The times had become so harsh, and the people so indifferent, that the art school, after all those years, was in real danger of shutting.
Celia reflected that one’s art is strictly one’s own, and that never should it mean more to her than it meant now, or shudderingly seldom.
Faces she took to belong to Raphael, Luca Giordano, and Frederick Leighton now looked upon her, exaltedly and exhortingly, from within the beautiful looking glass. When she was not at art school, or trying to buy simple things with almost no money (a dressing jacket, a pair of gloves, a flask of flowery liqueur), Celia spent most of her time gazing, as she would hardly have been able to deny. Only in that way could she be true to herself. But never until now had she seen faces or forms to which she could attach names. Too often of late she had seen shapes for which no name was possible. On occasion, they had emerged, and had had to be driven back with implements she had found on sale second-hand at very low prices near Les Halles and presumably intended for the meat trade in one of its aspects. Sometimes she was horrified by the spectacle she was compelled to make of herself, and her father might have had an asthmatic attack, had he seen it.
Celia knew perfectly well that if she was to stand any chance of making a permanent mark, as the faces expected of her, then she should practise much more, as ballerinas have to do, and ladies and gentlemen who master enormous pianofortes. She should be plucky, confident, and indefatigable, like Rosa Bonheur. She should probably look like Rosa Bonheur also, though she had enough difficulty already in hanging on to looks of any kind. Still, there it was. The demands of art are notoriously boundless; nor are they subject to appeal.
“Oh, let me join you!” cried Celia, stretching out her arms to the real Celia within the beautiful mirror’s mysterious depths. The real Celia stretched voluptuously in a patterned dress on the chaise longue she had bought with such innocent ardour, and of which the beseeching Celia lay among the decayed wreckage, virtually upon the sloping floor, gazed upon by a hundred expectant eyes. The coloured figures at the top of the frame had entirely faded long ago.

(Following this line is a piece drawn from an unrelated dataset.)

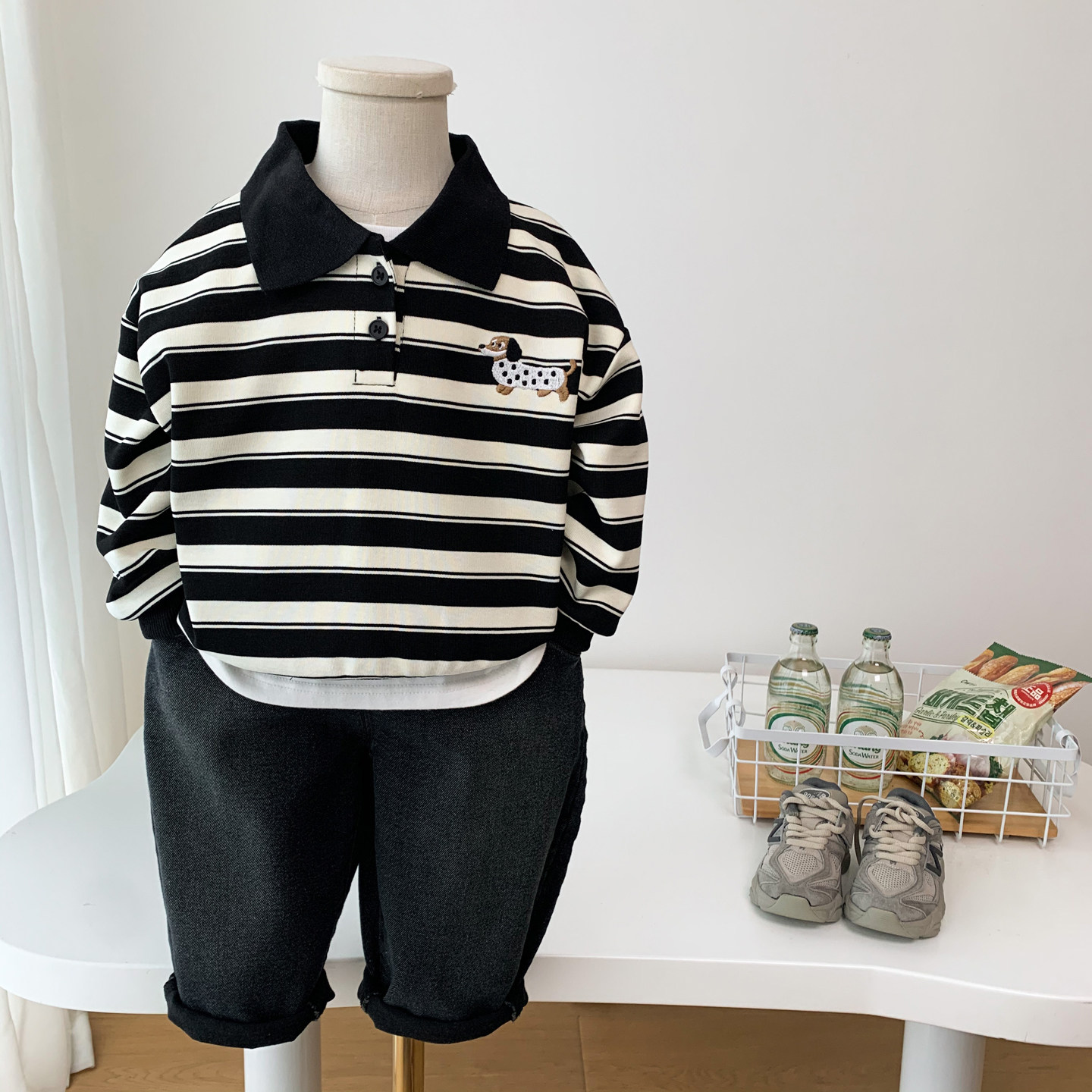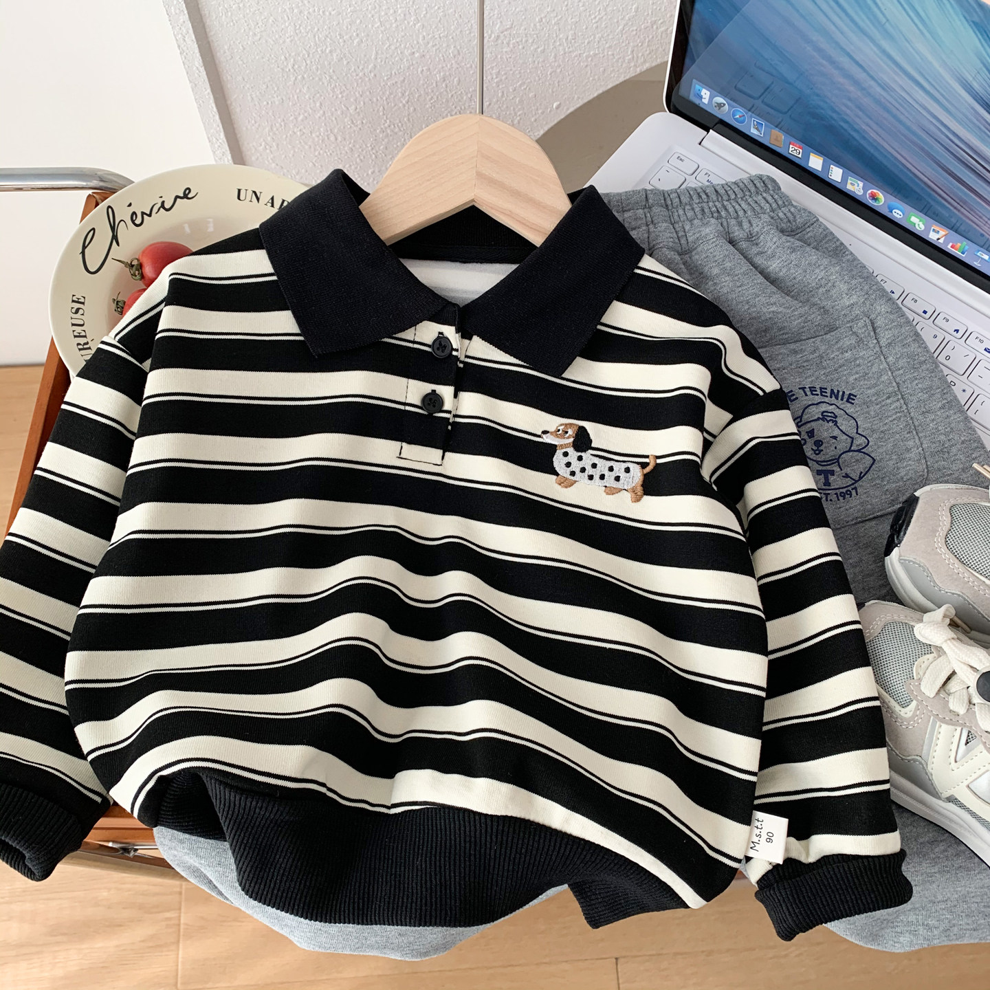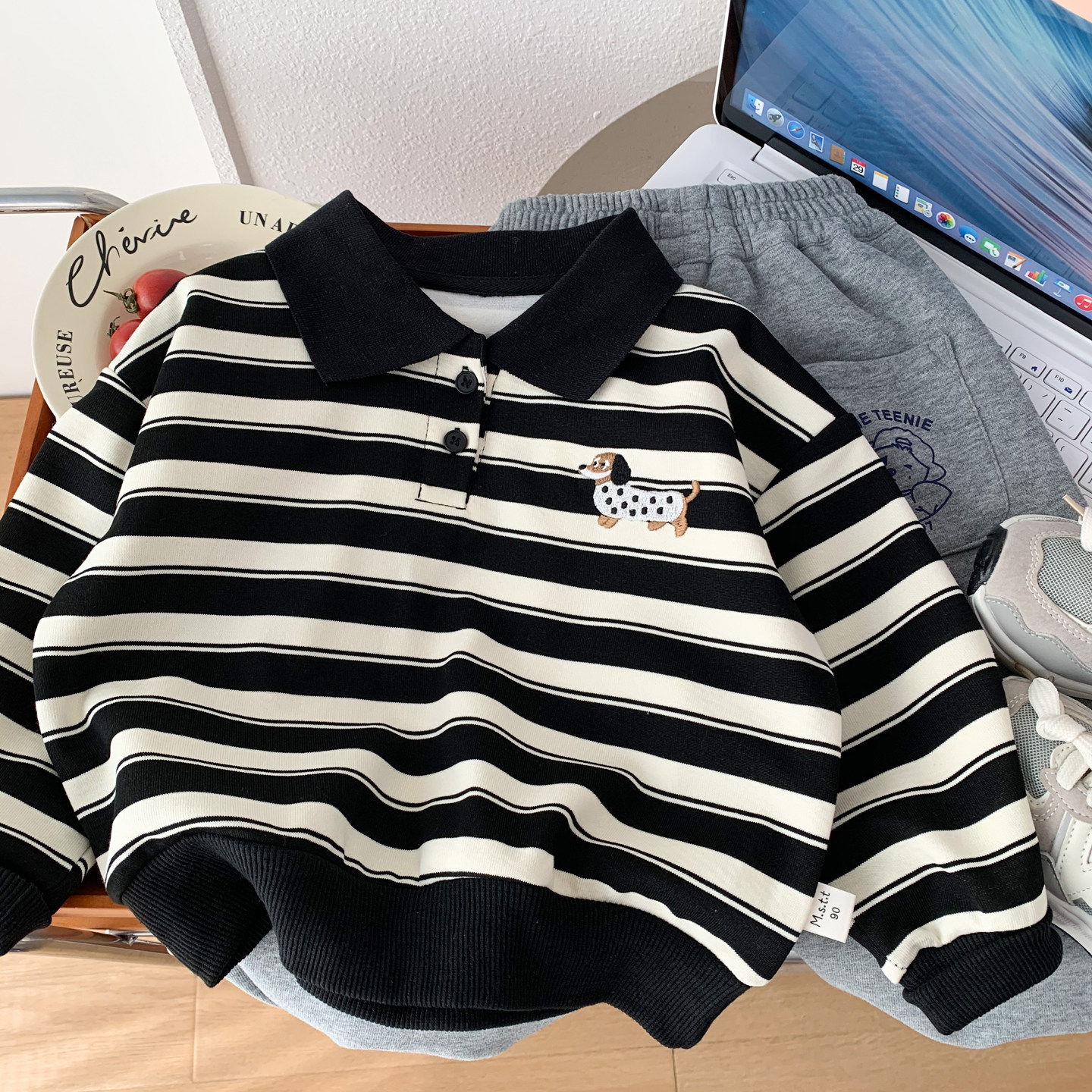 男童春装POLO衫2026新款儿童洋气条纹卡通卫衣帅气男孩翻领套头衫

Celia thought that the real Celia slightly moved one pale hand and even opened her eyes a little wider. She could not remember whether the patterned dress was a silk dress for parties or a cotton dress for shopping. The pattern was known as Capet.
In any case, there would be no actual harm done if she continued to supplicate, to beseech.
Once, about this time, Celia actually heard from Mr. Burphy. It was the very first letter she had ever received from him, and Celia was quite glad that she had opened it, even though the address on the envelope had merely been type-written. Mr. Burphy said that he had often thought of their romantic trip to Paris together, that he fancied there might be no harm in his recalling it now, that her father unfortunately needed more trained nurses all the time, that there was almost no money left from which to pay for anything, and that he, Mr. Burphy, was about to retire after generations of service with the firm, and was writing to everyone he knew and could remember, for that reason. The rest of the staff had subscribed to buy him a small electric clock, which had taken him completely by surprise, and particularly when Mr. Daniel himself had found a few moments to participate in the presentation!
Celia thought for a long, long time about the elms, and urns, and tiny bubbling springs in her father’s park; and about the tenant farmer’s comely, contented cows, and occasional frisky bulls. She thought about the forty-seven catalogued likenesses of her ancestors and collaterals; many of them in large familial groups; one of them turned to the wall. She thought about the schoolroom with a dozen desks and only one occupant. She thought of the withered fans in the conservatory, the property of ladies who, for her, had been dead always. She listened in memory to the Mad Hunt at twilight, and saw it take form. She smelt the rotting grapes, with the German name; and the ullaged wine, with no name at all. She felt the wet camel-hair bristles on the back of her slender hand, as she painted the world and herself into a certain transcendence.
•
Celia had all along been required to pay the rent in advance, especially as she was a foreigner; and she became anxious if she did not meet all demands in cash, and with punctuality to say the least of it. Often her purse, however slim, was considerably more than punctual, and most of all with the rent.
These rigours may have combined to reverse the effect intended, as so often in life; because somehow the payment due from Celia after that last payment she was able to make and had made more prematurely than ever, came to be overlooked altogether. It is not such an uncommon event in Paris as is generally supposed.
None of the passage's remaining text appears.